Firstly, the total RNA in tissues and cells was extracted with Trizol reagent (Invitrogen, USA). The purity, concentration and integrity of the extracted total RNA were detected by UV spectrophotometer and agarose gel electrophoresis. Then, 5μg of total RNA were taken, respectively, to reverse transcribe cDNA according to the instructions of the kit, and the cDNA concentration was diluted to 100ng/ul, and 1μL of synthesized cDNA was taken for amplification. The amplification system was as follows: 1 μ l of cDNA, 0.4μL of upstream and downstream primers, 10 μ l of 2X TransScript^® Tip Green qPCR SuperMix, 0.4μL of Passive Reference Dye (50X), with Nuclease-free Water added to make up to 20μL. GAPDH was applied as an internal parameter and 2^{− ΔCT} to explore the data. The primer sequences are shown in Table 1. All primers were designed and synthesized by Sargon Biotech, Shanghai. The experiment was repeated three times.

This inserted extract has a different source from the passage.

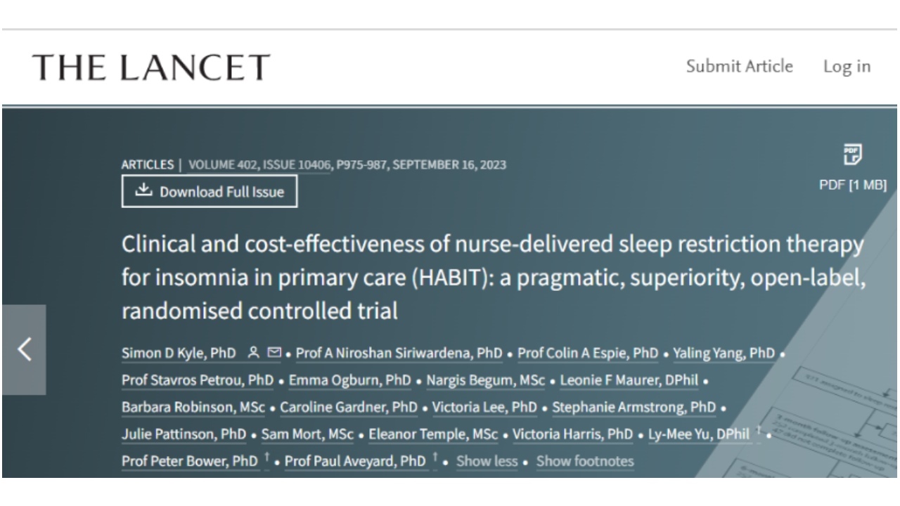 1.Kyle,SimonD.,etal."Clinicalandcost-effectivenessofnurse-deliveredsleeprestrictiontherapyforinsomniainprimarycare(HABIT):apragmatic,superiority,open-label,randomisedcontrolledtrial."TheLancet(2023).

Table 1 Primer Sequence Table

Cell Proliferation Test

The proliferation ability of MG-63 and OS-732 was evaluated by CCK-8 kit. Cells 48 hours after transfection were collected, diluted to 3×10⁴cell/mL, and inoculated into 96-well plates. Each well was inoculated with 100μL of cells, and cultured in 37°C with 5% CO₂. A 10μL CCK8 solution was added to each well at 0h, 24h, 48h and 72h after the cells adhered to the wall. After the reagent was added, it was continuously placed in an incubator at 37°C with 5% CO₂ for 2 h. Then, the OD value was measured at 450nm using an enzyme reader to explore the proliferation and visualize the growth curve. The experiment was repeated 3 times.

Cell Migration and Invasion Test

The migration ability was explored by wound healing. For wound healing determination, 200μL aseptic pipette was used to scratch the cells to geta cell-free area, PBS was used to rinse the cells, and a new culture medium was added for culture. At 0h (W0) and 24h (W24) after cell scratch, the cell migration ability was evaluated by a microscope for scratches at three different positions. Cell invasion was detected by transwell assay. Firstly, 200μL of DMEM culture solution containing 1x10⁵ cells was put into the upper chamber and 500mL of DMEM containing 20% FBS to the lower chamber. The substrate and cells that did not pass through the membrane surface in the upper chamber were wiped after 48 hours of culture at 37°C, washed by PBS for 3 times, fixed with paraformaldehyde for 10min, rinsed with double-distilled water for 3 times, stained with 0.1% crystal violet for 10min after it was dried, and cell invasion was observed with a microscope. The experiment was repeated three times.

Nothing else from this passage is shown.